IMHO, the second is more difficult, and it is what separates the good from the best.        
Title: Re: Pre-Construction pictures of Kingsbarns
Post by: ForkaB on February 07, 2003, 12:26:28 PM
MDugger

I think you'll find that the majority of the holes at Friar's Head were "manufactured" rather than found.  Very elegantly, of course.
Title: Re: Pre-Construction pictures of Kingsbarns
Post by: corey miller on February 07, 2003, 04:03:31 PM
I think I need some help in understanding manafactured as it pertains to FH ;)  What is the most manufactured element of the course?
Title: Re: Pre-Construction pictures of Kingsbarns
Post by: ForkaB on February 08, 2003, 01:38:27 AM
corey

My impression when I walked the course about 15 months ago was that the majority of the holes (i.e. those south of the dunes) were built on an old potato field/grass farm which did not have any significant "architectural" features.  I do know that C&C incorporated admirably well what small elevation changes there were on the flat part of the original site, but I assumed (and perhaps was told, can't remember) that the finished product involved a significant amount of "creation" as well as "discovery."  If I am wrong, I would be pleased to have anybody who knows the project better than I to put me right.
Title: Re: Pre-Construction pictures of Kingsbarns
Post by: TEPaul on February 08, 2003, 02:48:24 AM
Of course Coore and Crenshaw created the golf architecture on the very flat farmland portion of Friar's Head and of course they had to "tone down" the unimaginable rugged terrain in the dunes section of the golf course.

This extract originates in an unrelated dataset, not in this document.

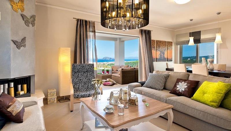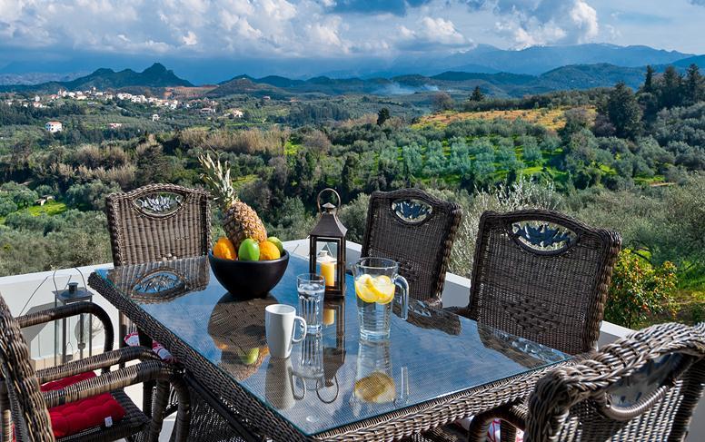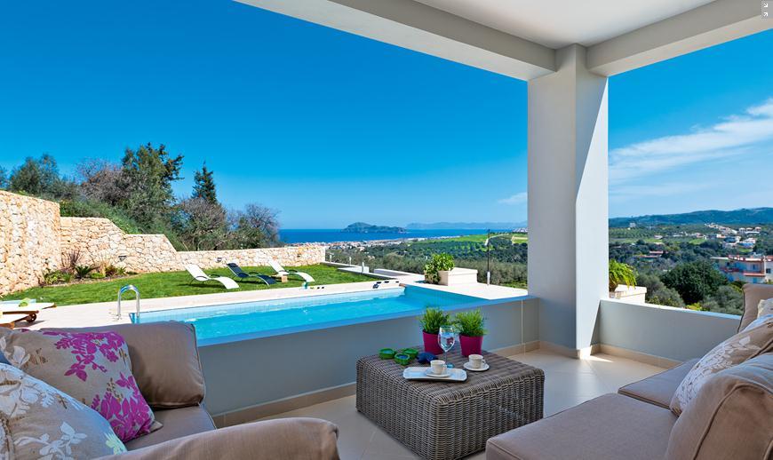 Вилла возвышается на самой вершине зелёного холма, у подножия которого раскинулся курортный городок Герани. Отсюда взорам открывается обширная панорама домиков, уходящего за горизонт Критского моря с изумрудным горбатым островом Теодору, прибрежной полосы. Сюда не доносится шум городов, нет толп людей – тишина, покой и немыслимая красота.

I saw photos of the course before construction, I walked the course before construction, during construction and after construction was finished.

The extraordinary thing about their work on that site and course is to see particularly the dunes section before construction as it was hard to imagine how they could ever get golf holes in there (I think Coore was somewhat concerned about their ability to do that too). But walking slowly through that section after construction it's just amazing to me how they did it.

It's so hard to see at this point what they did exactly but there are some great holes in there now. They tied in so well with some of that radical topography that it's just amazing to imagine how they could have done it so well. There's very little in that dune section that looks man-made to me.